In-gap impurity states as the hallmark of the Quantum Spin Hall phase

TL;DR

This paper demonstrates that in-gap impurity states are unique to the Quantum Spin Hall phase in a 2D insulator, serving as a local probe to identify topological order through impurity response.

Contribution

It reveals that normalizable in-gap impurity states occur only in the Quantum Spin Hall phase, providing a new method to detect topological order via local impurity states.

Findings

In-gap impurity states are exclusive to the Quantum Spin Hall phase.

Impurity states in the QSH phase carry dissipationless, chiral currents.

Local impurity probes can identify topological order in insulators.

Abstract

We study the different response to an impurity of the two topologically different phases shown by a two dimensional insulator with time reversal symmetry, namely, the Quantum Spin Hall and the normal phase.
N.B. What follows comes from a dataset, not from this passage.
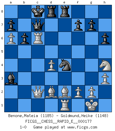 Last move : 1-0 2016 November 21 19:15:50 [Event "FICGS__CHESS__RAPID_E__000177"] [Site "FICGS"] [Date "2016.09.22"] [Round "1"] [White "Benone,Mateia"] [Black "Goldmund,Heike"] [Result "1-0"] [WhiteElo "1185"] [BlackElo "1148"] 1.e4 d5 2.exd5 Qxd5 3.Nc3 Qa5 4.d4 Bf5 5.Nf3 c6 6.Bd2 e6 7.Be2 Nf6 8.O-O Qc7 9.Re1 Bd6 10.h3 Nbd7 11.Nh4 Bg6 12.a4 O-O-O 13.a5 Nd5 14.Nxd5 exd5 15.b4 Be4 16.c4 h6 17.cxd5 Bxd5 18.b5 Rhe8 19.bxc6 Bxc6 20.Rc1 Ba3 21.Rc4 Nf6 22.a6 b6 23.Qc2 Ne4 24.Rxc6 1-0 Scandinavian (centre counter) defense Kingside Castling by player White (move 8) Queenside Castling by player Black (move 12) Player White won this chess game. Follow this game move after move (download)My opponents make good moves too. Sometimes I don't take these things into consideration. (Bobby Fischer) Es gibt keine einzige Frau, der ich nicht einen Springer vorgeben könnte und trotzdem gewänne. (Robert James Fischer) El Ajedrez es la vida. (Bobby Fischer) Tous ces prétendus hommes politiques sont les pions, les Cavaliers, les Tours ou les Fous d'une partie d'échecs qui se jouera tant qu'un hasard ne renversera pas l'échiquier. (Honoré de Balzac) No enterprise is more likely to succeed than one concealed from the enemy until it is ripe for execution. (Niccolo Machiavelli)
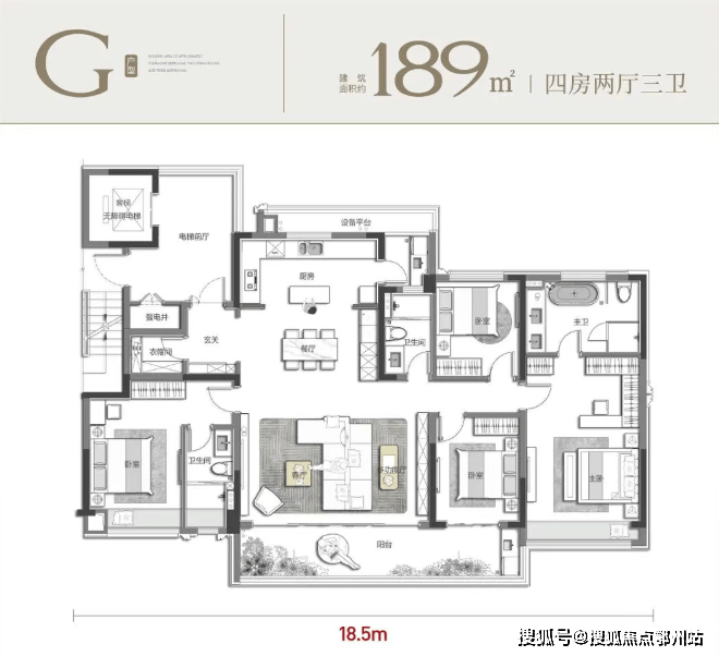 这份热销的背后,并非偶然,而是精准锚定高阶改善赛道的必然结果。以荷语江山府西区为例,约 189㎡户型的出现,不仅一举突破了区域大平层产品上限,更提升了整个楼盘的价值属性与改善高度。要知道,一般能承载如此奢阔尺度的住区,其规划定位、品质营造本就远高于常规社区。

We consider the case of graphene as a toy model that features the two phases driven, respectively, by intrinsic spin-orbit coupling and inversion symmetry breaking. We find that strictly normalizable in-gap impurity states only occur in the Quantum Spin Hall phase and carry dissipationless current whose quirality is determined by the spin and pseudospin of the residing electron. Our results imply that topological order can be unveiled by local probes of defect states.